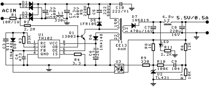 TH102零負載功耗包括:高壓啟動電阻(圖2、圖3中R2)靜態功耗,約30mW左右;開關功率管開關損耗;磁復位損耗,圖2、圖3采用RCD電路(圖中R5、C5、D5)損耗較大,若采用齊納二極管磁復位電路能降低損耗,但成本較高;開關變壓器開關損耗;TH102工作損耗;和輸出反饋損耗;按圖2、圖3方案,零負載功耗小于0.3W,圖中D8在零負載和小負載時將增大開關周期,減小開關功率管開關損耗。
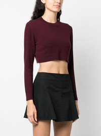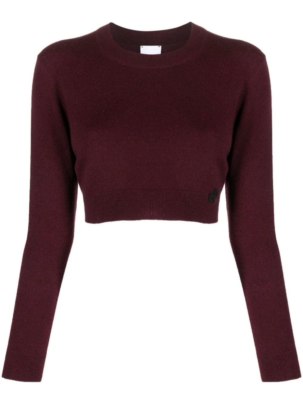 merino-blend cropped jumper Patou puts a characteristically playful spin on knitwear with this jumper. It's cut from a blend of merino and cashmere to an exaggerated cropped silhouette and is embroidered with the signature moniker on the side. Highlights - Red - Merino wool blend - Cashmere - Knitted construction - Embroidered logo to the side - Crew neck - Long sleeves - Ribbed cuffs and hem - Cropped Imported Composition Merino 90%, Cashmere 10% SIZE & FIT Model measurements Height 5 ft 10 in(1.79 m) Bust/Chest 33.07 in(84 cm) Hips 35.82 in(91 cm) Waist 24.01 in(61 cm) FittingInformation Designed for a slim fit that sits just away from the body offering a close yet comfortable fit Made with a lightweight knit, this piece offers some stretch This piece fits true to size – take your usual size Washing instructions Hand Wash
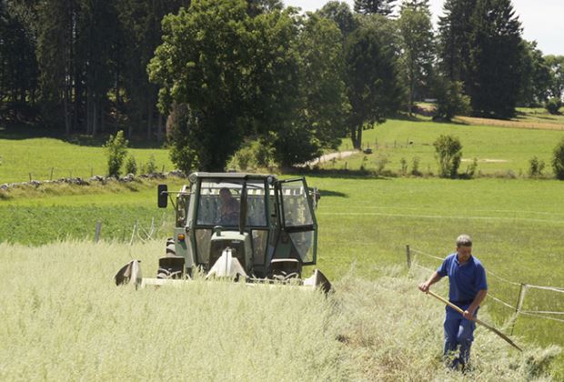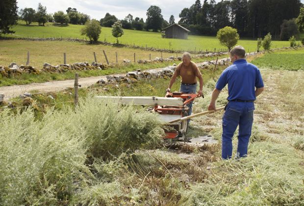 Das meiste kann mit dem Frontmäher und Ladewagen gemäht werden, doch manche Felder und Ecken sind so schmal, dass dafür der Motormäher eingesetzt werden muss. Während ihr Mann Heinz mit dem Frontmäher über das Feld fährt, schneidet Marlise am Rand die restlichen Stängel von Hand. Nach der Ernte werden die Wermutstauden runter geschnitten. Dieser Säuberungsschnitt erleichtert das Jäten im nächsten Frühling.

# # # # #

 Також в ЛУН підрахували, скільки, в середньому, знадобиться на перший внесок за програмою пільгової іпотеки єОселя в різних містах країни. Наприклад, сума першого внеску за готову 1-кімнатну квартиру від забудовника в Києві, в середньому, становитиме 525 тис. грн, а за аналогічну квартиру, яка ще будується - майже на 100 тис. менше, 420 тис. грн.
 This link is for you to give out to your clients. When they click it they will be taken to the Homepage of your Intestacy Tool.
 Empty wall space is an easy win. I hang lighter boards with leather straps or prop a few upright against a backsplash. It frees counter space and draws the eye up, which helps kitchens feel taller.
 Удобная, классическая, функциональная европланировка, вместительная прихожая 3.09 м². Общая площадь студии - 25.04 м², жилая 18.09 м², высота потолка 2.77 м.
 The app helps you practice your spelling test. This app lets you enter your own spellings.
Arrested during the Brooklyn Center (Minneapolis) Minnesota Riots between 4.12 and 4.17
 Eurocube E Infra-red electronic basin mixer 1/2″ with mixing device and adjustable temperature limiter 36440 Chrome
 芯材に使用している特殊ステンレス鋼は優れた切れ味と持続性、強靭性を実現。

# # # # #

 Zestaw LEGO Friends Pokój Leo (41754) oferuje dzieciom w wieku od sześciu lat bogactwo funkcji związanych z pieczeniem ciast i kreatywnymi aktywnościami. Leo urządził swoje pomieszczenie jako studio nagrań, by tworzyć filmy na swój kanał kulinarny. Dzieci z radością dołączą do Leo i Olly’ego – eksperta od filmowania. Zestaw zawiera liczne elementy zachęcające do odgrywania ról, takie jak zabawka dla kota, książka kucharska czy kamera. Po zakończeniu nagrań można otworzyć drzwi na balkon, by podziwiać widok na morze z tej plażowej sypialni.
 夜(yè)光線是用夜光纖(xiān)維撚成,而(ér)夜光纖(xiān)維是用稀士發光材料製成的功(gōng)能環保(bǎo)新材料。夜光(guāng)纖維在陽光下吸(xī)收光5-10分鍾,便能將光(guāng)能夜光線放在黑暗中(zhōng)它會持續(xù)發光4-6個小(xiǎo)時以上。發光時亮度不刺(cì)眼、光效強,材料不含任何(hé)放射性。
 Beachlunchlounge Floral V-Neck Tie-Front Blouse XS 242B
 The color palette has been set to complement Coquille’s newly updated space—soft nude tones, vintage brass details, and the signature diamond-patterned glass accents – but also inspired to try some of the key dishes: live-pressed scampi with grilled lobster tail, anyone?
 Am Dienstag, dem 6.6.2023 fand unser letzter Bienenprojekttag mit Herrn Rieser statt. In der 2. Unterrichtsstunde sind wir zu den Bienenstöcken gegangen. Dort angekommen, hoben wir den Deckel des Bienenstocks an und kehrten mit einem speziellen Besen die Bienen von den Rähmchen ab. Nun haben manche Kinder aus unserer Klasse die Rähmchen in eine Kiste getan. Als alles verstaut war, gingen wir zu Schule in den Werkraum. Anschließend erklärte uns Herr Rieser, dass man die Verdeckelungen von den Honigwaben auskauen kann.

# # # # #

--- EXERCISE OBJECTIVE ---
Using the records above, restate word for word the lines from the one with "Удобная, классическая, функциональная" through the one with "芯材に使用している特殊ステンレス鋼は優れた切れ味と持続性、強靭性を実現。", both included.

--- ANSWER FOR THIS EXERCISE ---
 Удобная, классическая, функциональная европланировка, вместительная прихожая 3.09 м². Общая площадь студии - 25.04 м², жилая 18.09 м², высота потолка 2.77 м.
 The app helps you practice your spelling test. This app lets you enter your own spellings.
Arrested during the Brooklyn Center (Minneapolis) Minnesota Riots between 4.12 and 4.17
 Eurocube E Infra-red electronic basin mixer 1/2″ with mixing device and adjustable temperature limiter 36440 Chrome
 芯材に使用している特殊ステンレス鋼は優れた切れ味と持続性、強靭性を実現。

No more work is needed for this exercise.